There were differences both in terms of the number of OTUs and the accuracy of the identification reported by each of the four primer pairs selected for the study. The arthropod-specific COI pair ArtF11/Art17 contributed the highest number of animal prey (86) with most of the identifications reaching the taxonomic level of species (38.4%), followed by genus (27.9%), family (19.8%), order (12.8%) and class (1.1%). Conversely, the universal COI mlCIIintF/dgHCO2198 pair yielded fewer OTUs (54) with lower taxonomic accuracy: species (27.8%), followed by genus (37%), family (14.8%), order (20.4%) and class (0%). Regarding plant-specific markers, the rbcL primer pair rbcLa_F/rbcLa_R retrieved 10 OTUs identified to genus (30%) and family (70%), whereas the oligo combination psbA3_f/trnHf_05 targeting the psbA-trnH intergenic spacer contributed more vegetal OTUs (18) with higher taxonomic resolution (genus: 55.6%, family: 44.4%).

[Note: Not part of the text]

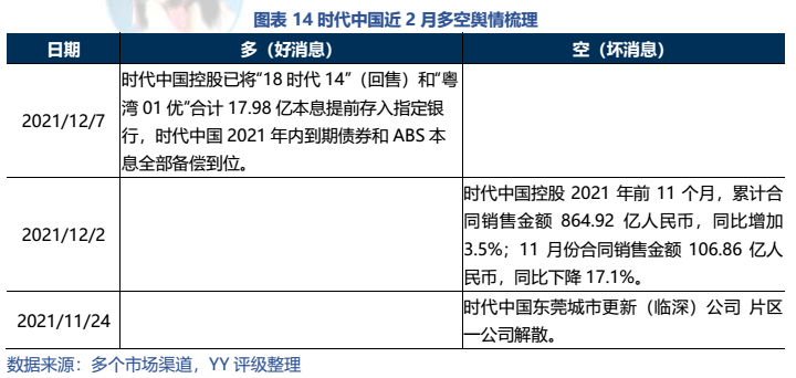 時代中國近兩個月除了還債以外,公開信息未見其他動作。時代中國短期債券到期壓力不大(2022年一季度無境內外債券到期,最臨近到期債券為4月份4.25億境外債),除了11月24日市場傳出東莞城市更新公司某一片區(qū)公司解散外,暫未出現其他負面輿情。

Venn diagram analyses and frequency of food items showed the relative contribution of each primer pair in terms of OTU detection at different taxonomic ranks (Figure 2A–C). The two oligo combinations targeting animal prey produced similar results regarding low taxonomic levels (class and order), however the arthropod-specific COI primer pair ArtF11/Art17 outperformed the universal COI pair mlCIIintF/dgHCO2198 at high levels where the number of different OTUs contributed exclusively by the former was always higher than the intersection value or the number of OTUs provided by la latter. Such an effect is more noticeable as we go deeper into the taxonomic hierarchy (Figure 2A). The same pattern was observed when comparing the performance of the chloroplast-specific markers, where the psbA3_f/trnHf_05 pair targeting the psbA-trnH intergenic spacer provided the largest number of OTUs at all taxonomic levels and showed progressively more differences against rbcL marker the more detailed the taxonomic rank (Figure 2B).

Figure 2.

Figure 2.

Venn diagrams showing the overlap in terms of taxonomic identification of prey animals (A) and diet plants (B) at different taxonomic ranks. (C) Distribution of finest OTU taxonomic identifications (i.e., taxonomic resolution) reported by each of the four molecular markers used in the study.

Diet composition

Balearic Podarcis lizards were found to exploit a wide range of food resources. Our metabarcoding approach reported 149 diet taxa of which 124 were prey animal OTUs that could be ascribed to 4 phyla, 9 classes, 25 orders, 64 families, 68 genera, and 39 species (Figure 2 and Supplementary Table S1). Phylum Arthropoda accounted for the highest number of different OTUs (113), followed by Mollusca (9), Nematoda (1) and Chordata (1). Within arthropods, insects resulted to be the most exploited class with 65 distinct OTUs mainly from orders Hemiptera (15), Lepidoptera (15), Hymenoptera (10), Coleoptera (9) and Diptera (7). Arthropod classes Arachnida (25) and Malacostraca (14) were also found to constitute an important fraction of diet of Balearic Podarcis lizards. Prey animals from phylum Mollusca were exclusively represented by gastropods from order Stylommatophora (9), while phyla Nematoda and Chordata accounted each for a single representative from orders Rhabditida and Pelecaniformes, respectively. On the other hand, our study revealed the presence in fecal samples of plant DNA from phylum Streptophyta (25 OTUs) represented by classes Bryopsida (3), Liliopsida (2), Pinopsida (3), and Magnoliopsida (17). Within the latter classes Caryophyllales (6), Apiales (2) and Asterales (3) showed the highest number of different OTUs.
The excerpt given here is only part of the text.